Safety and production have been top priorities in the development of concrete core climbing systems over the past decade and nowhere is that more on show in Canada than downtown Toronto.

A case in point is an electric formwork climbing system, the first of its kind in Canada, being used for the concrete core of a structural steel framed 45-floor office building on Front Street.

Made by M-Tech, the climber jumps an entire floor of the concrete elevator core at once. That differs from hydraulic climbers, which are commonplace in Toronto, that only jump segments of a floor of the core at a time, explains Kevin Nagowski, project manager, Alliance Forming Ltd., the forming contractor for the office tower.

Another reason Alliance chose the electric climber is worker safety, he says.

“We have eliminated the leading edges that you have with other systems which jump separately…creating fall hazards,” he says.

A feature of the system is the location of the electric motor and other moving parts at the top of the climber where they are easily accessible if repairs are required.

“If something goes wrong, we can literally unbolt it right from the top of the tower crane, lift it up and change the main motor out in 10 minutes,” Nagowski says.

By comparison, the hydraulics and mechanicals of conventional climbers are difficult to access for repairs, he points out.

The M-Tech climber is also easy to move because there is no hydraulic system bolted into the elevator core.

A concrete cast-in-place 18-storey tower is under construction for Google in Toronto. The climber there does not require a crane when it carries the exterior coating panels for the concrete elevator core.
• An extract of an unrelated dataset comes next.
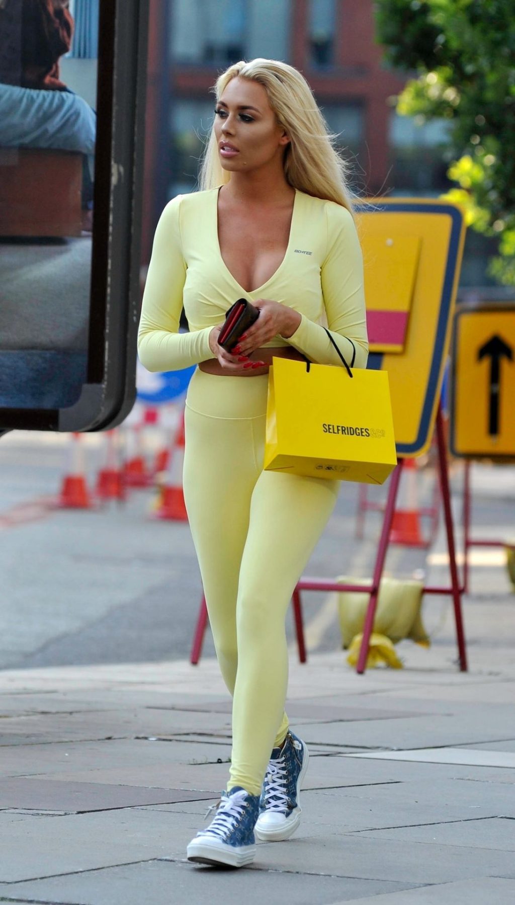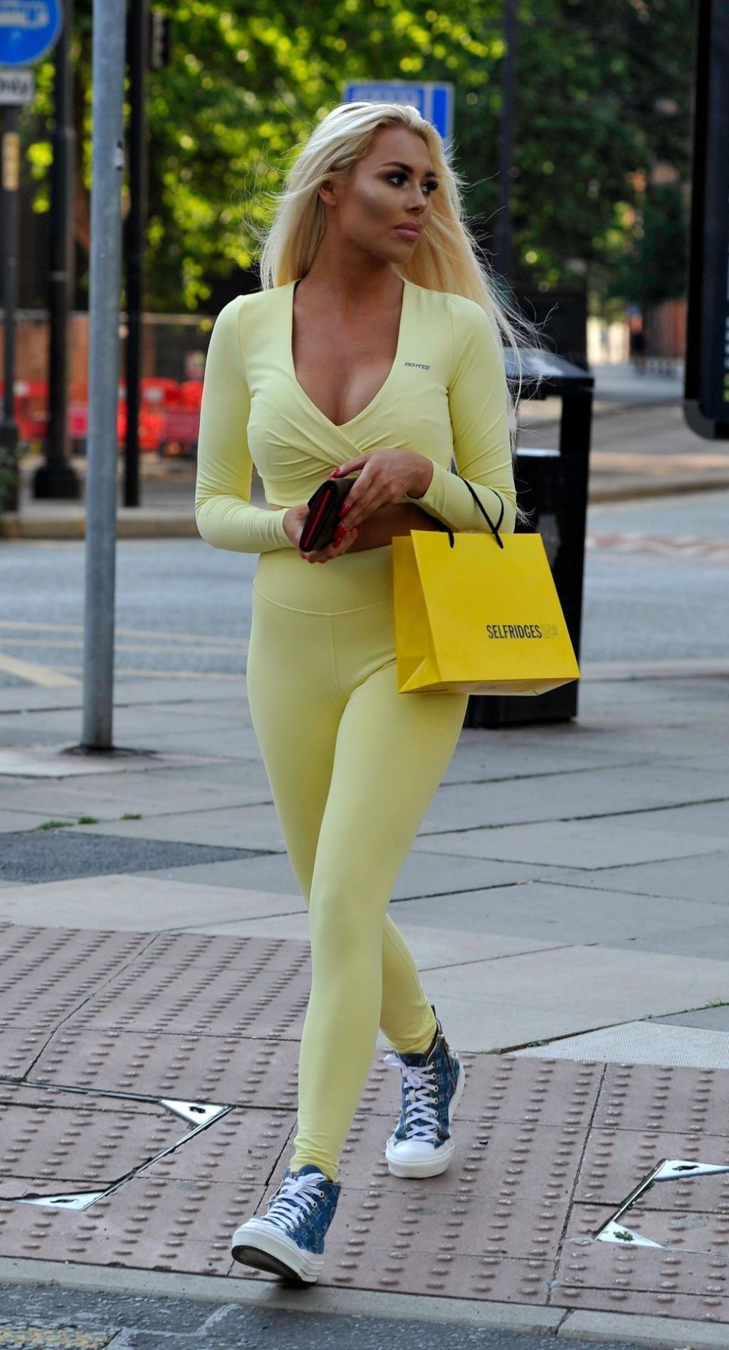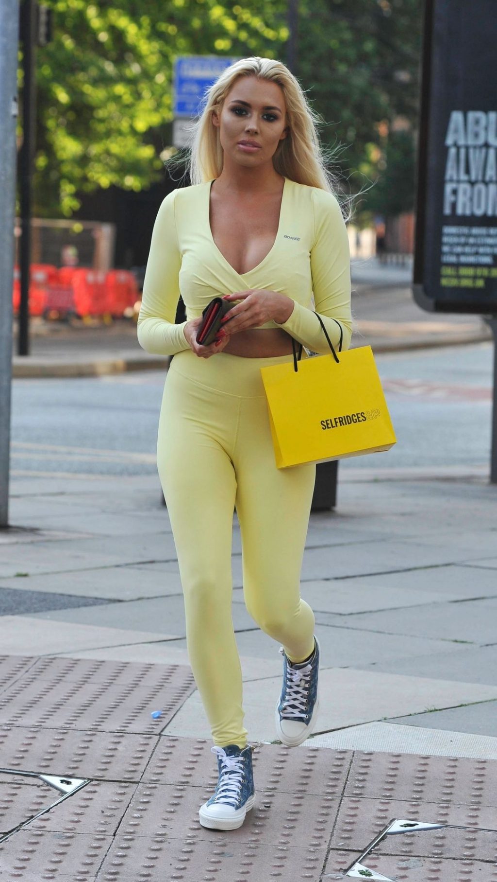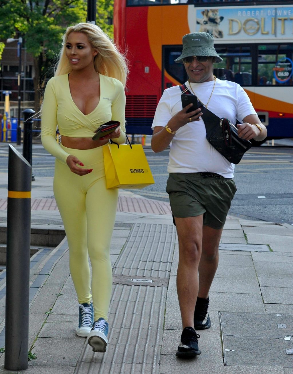 Love Island’s Shannen Reilly McGrath es vista paseando por el centro de la ciudad de Manchester, mientras luce un conjunto amarillo brillante y escotado mientras compra en Selfridges, 24/06/2020.

The FCI Self Climbing System by Aluma Systems frees the tower crane for other tasks and also “frees up real estate” on the tight site, explains Joe Plantamura, general superintendent with Structform International Limited.
DON PROCTER — A concrete cast-in-place 18-storey tower is under construction for Google in Toronto. The climber there does not require a crane when it carries the exterior coating panels for the concrete elevator core. The FCI Self Climbing System by Aluma Systems frees the tower crane for other tasks and also “frees up real estate” on the tight site, explains Joe Plantamura, general superintendent with Structform International Limited.

Denis Furlan, director of Alliance, says he would not hesitate to use the electric system on another structural steel tower.

He points out the climber is best suited to towers at least 25 storeys tall.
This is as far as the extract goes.